The Parties shall adopt where appropriate legislation, regulations or administrative measures to restrict the availability (including provisions to control movement, possession, importation, distribution and sale) as well as the use in sport of banned doping agents and doping methods and in particular anabolic steroids. (Anti-Doping Convention, ETS No. 135 (Nov. 16, 1989), COE website.)

Norway signed and ratified the Convention on November 16, 1989; it entered into force in Norway on March 1, 990. (Anti-Doping Convention CETS: No. 135: Status as of July 9, 2013, COE website (last visited July 9, 2013).) The “Prohibited List,” in an Annex to the Convention, sets forth “the substances and methods linked with doping and thus prohibited by the relevant international sports organisations.” (What Is the Prohibited List?, COE website (last visited July 9, 2013).)

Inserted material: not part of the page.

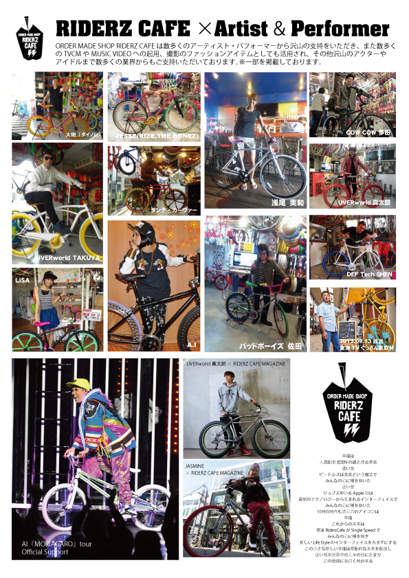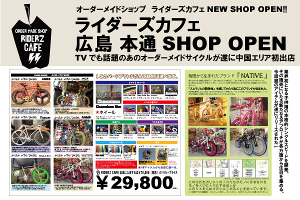 東京 原宿キャットストリートで話題のオーダーメイドショップライダーズカフェ(運営:福岡市東区三苫3-1-3株式会社ライダーズカフェ)が遂に中国エリア初出店。 数多くの著名人が愛用する事やCM・TV番組・ファッション誌・MUSIC PVでもファッションアイテムとして起用される事も多いオーダーメイドブランドSINGLE SPEED。昨年のAI『MORIAGARO』ツアーではBMXが大きくフューチャされており多くの話題を呼んだ。 オーダーメイドの組み合わせも14京通りを越えて、先日朝の情報番組(全国ネット)に出演した際に司会者の方に『これは凄い。組み合わせの数が半端じゃない。世界に一台に自分だけのオリジナル自転車が作れるじゃないか!!しかもカッコいい!!』と言わしめCM中に乗り回していたほど。(放映当日YAHOO!トピックスにも掲載された) 現在、東京 原宿SHOPをはじめ、名古屋 大須SHOP、大阪 アメ村SHOP、広島 本通SHOP、福岡 大名SHOP、熊本 上通 並木坂SHOP(4月5日同時OPEN)と全国のブルーオーシャンカルチャーラインを構築すべく 全国6 店舗を展開しておりユーザー数も販売開始から5年間で5万台を突破、有料会員数も遂に1万人を突破。 2014年からファッション業界や小売業界に新たなる風を吹かす新たなるアプローチとして、KIDSブランド『NATIVE』をはじめカタログに商品のブランドがどんな想いや願いで生まれたか、そのストーリーを表面化するカタログを作成し各業界で話題となる。2014年は数多くのアーティストとのコラボの話も決定しており、話題に事欠かないオーダーメイドショップ ライダーズカフェが遂に熊本初出店。 ネットでも話題となっているライダーズカフェだが、通販は一切行わず、SHOPで“フィッテイング”というLIVEを楽しみながら自転車をオーダーメイドする『LIVE感』を大切にしている。(お客様の最大の楽しみにはSHOPにてオーダーメイドを楽しむ事。) 会員限定として29,800円のスペシャルパッケージを用意しておりますので、SHOPで是非オーダーメイド体験してください。

Among the List’s “Substances and Methods Prohibited at All Times (in- and out-of-Competition)” are anabolic agents, including anabolic androgenic steroids (both exogenous steroids, i.e., those not usually produced naturally by the body, and endogenous ones, i.e., those capable of being produced naturally by the body, when administered from outside the body) and other anabolic agents. (The 2013 Prohibited List (in force on Jan. 1, 2013), § 1, COE website.)